This week our 2nd graders talked about what it means to prioritize our tasks. We focused on Habit 3 — Put First Things First Work First, Then Play. This habit is defined as follows--
"I spend my time on things that are most important. This means I say no to things I know I should not do. I set priorities, make a schedule, and follow my plan. I am disciplined and organized."
We emphasized that play and extracurricular activities are very important, but we must make sure that we are meeting our responsibilities at school. Sometimes this may mean disciplining ourselves to do the things we may not be quite as excited about first.
This week, I asked the students what paper towel, post it notes, chocolate chip cookies, Coca Cola ad Cinderella's glass slipper had in common. The students kept guessing as we read a short story from Lively Lessons for Classroom Sessions by Rosanne Sheritz Sartori about a student who became very upset anytime he made a mistake. Some of our students were able to relate to this student's experience. We spent some time talking about our own self talk when we discover we have made a mistake and ways that we could change our self talk to help us persevere and not become as discouraged.
I shared with the students that all of the items I mentioned at the beginning of the lesson were originally mistakes. We read some very interesting stories about how these items were invented from the book Mistakes that Worked by Charlotte Foltz Jones.
Finally, each student received a unique "mistake" mark made with black marker on a piece of paper. The students added details to these mistakes to turn them into artwork as shown below.
This week, we focused on Habit 5: "Seek first to understand and then to be understood." We read the book, My Mouth is a Volcano by Julia Cook. This book tells the story of Louis, a student who has trouble "erupting" (interrupting) others when they are talking. When Louis is interrupted during a classroom presentation, he becomes aware of the challenges that his "erupting" presents for others. Louis' mother teaches him some techniques to help him respectfully wait his turn to talk.
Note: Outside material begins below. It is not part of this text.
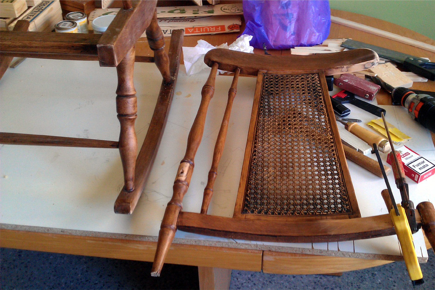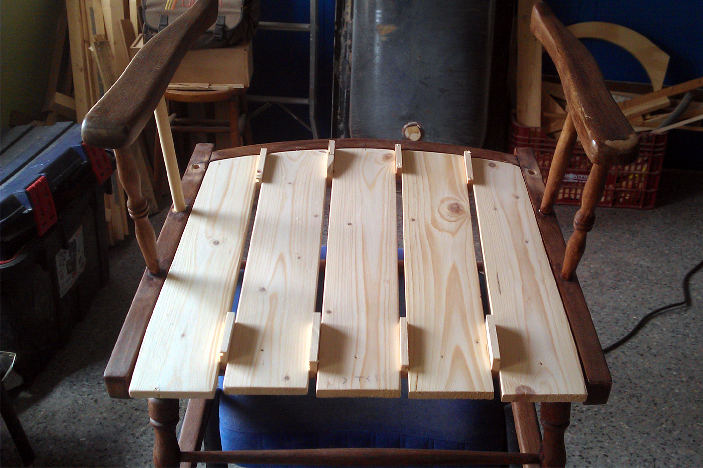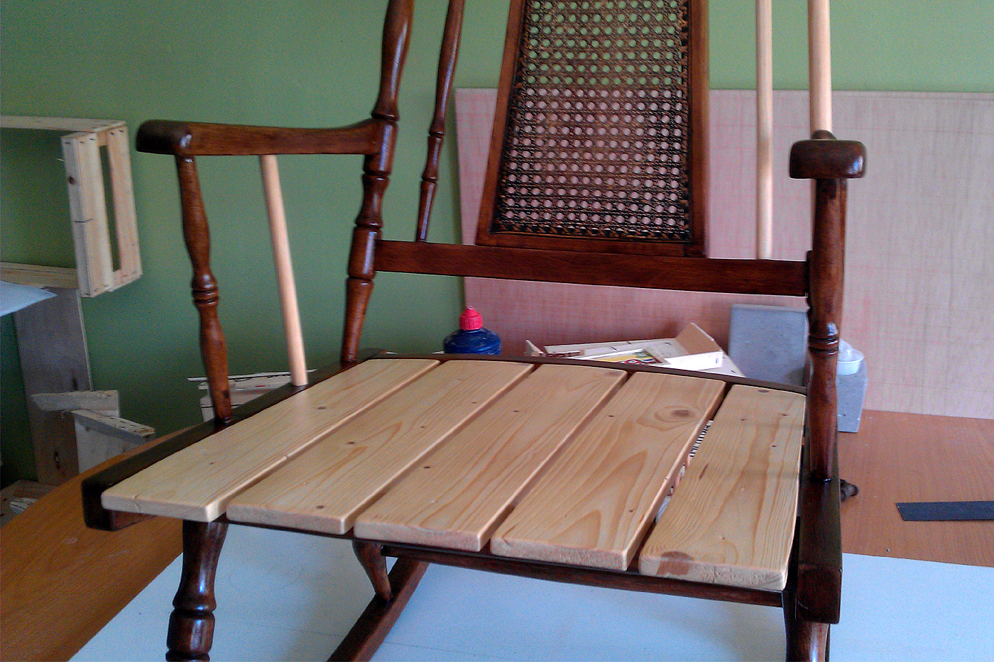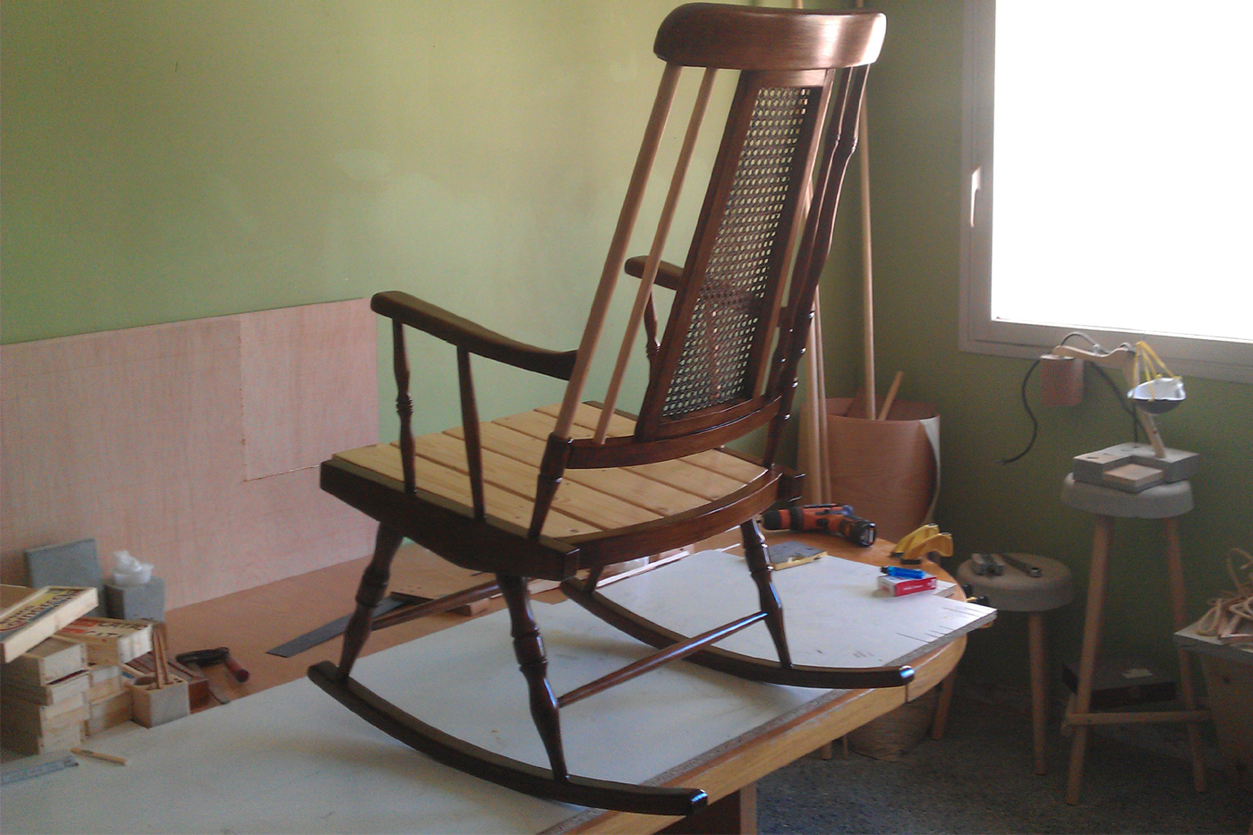 Mecedora desechada y descompuesta que todos podemos encontrar en la calle; el reto era, no ya devolverla a su estado original, sino dejar patentes las huellas de su accidentada vida. Nos pusimos manos a la obra y recompusimos la silla con materiales claramente ajenos a ella. Creemos que el resultado valió la pena; una atrevida y atípica restauración donde se puede apreciar claramente el original y divertido trabajo realizado en ella.

After reading and discussing this book, we conducted an experiment in the classroom. During the experiment, a classmate was chosen to complete a task which required moderate concentration such as completing some math problems on the board, writing spelling words, listing the names of states etc. While the classmate was completing this task a group of students were chosen to attempt to distract the student by interrupting them. The students were given a specific way to interrupt the student attempting to complete the task by repeating a specific phrase such as "Excuse me!", or singing a specific song such as "Happy Birthday". We discussed how these distractions impacted the students focus and their ability to complete the tasks in a timely manner and how the results of this experiment can help us work together more effectively in the classroom.
This week some of our Guidance classes did an activity that simulated what it feels like when we do unnecessary work or miss out on class time because of not following directions.
This lesson fit well with Habit 1 "Be Proactive" from the 7 Habits of Happy Kids by Sean Covey. The directions at the top of the paper said, "Read everything on this paper before you begin". Most of the students spent 10-15 minutes going through the long list of silly directions which included placing your left shoe on the table, but a few of the students read the entire page before starting the activity and noted the directions in the final step-"Do only number 1 (Write your name at the top of this paper) and then sit quietly."
Both the students who were not tricked and those who were had a good laugh over the activity and it lead to some classroom discussion regarding Being Proactive and the importance of understanding and following directions in school as well as at home. We also explored Habit 5 "Seek first to understand then to be understood" and discussed how developing this habit helps us in school.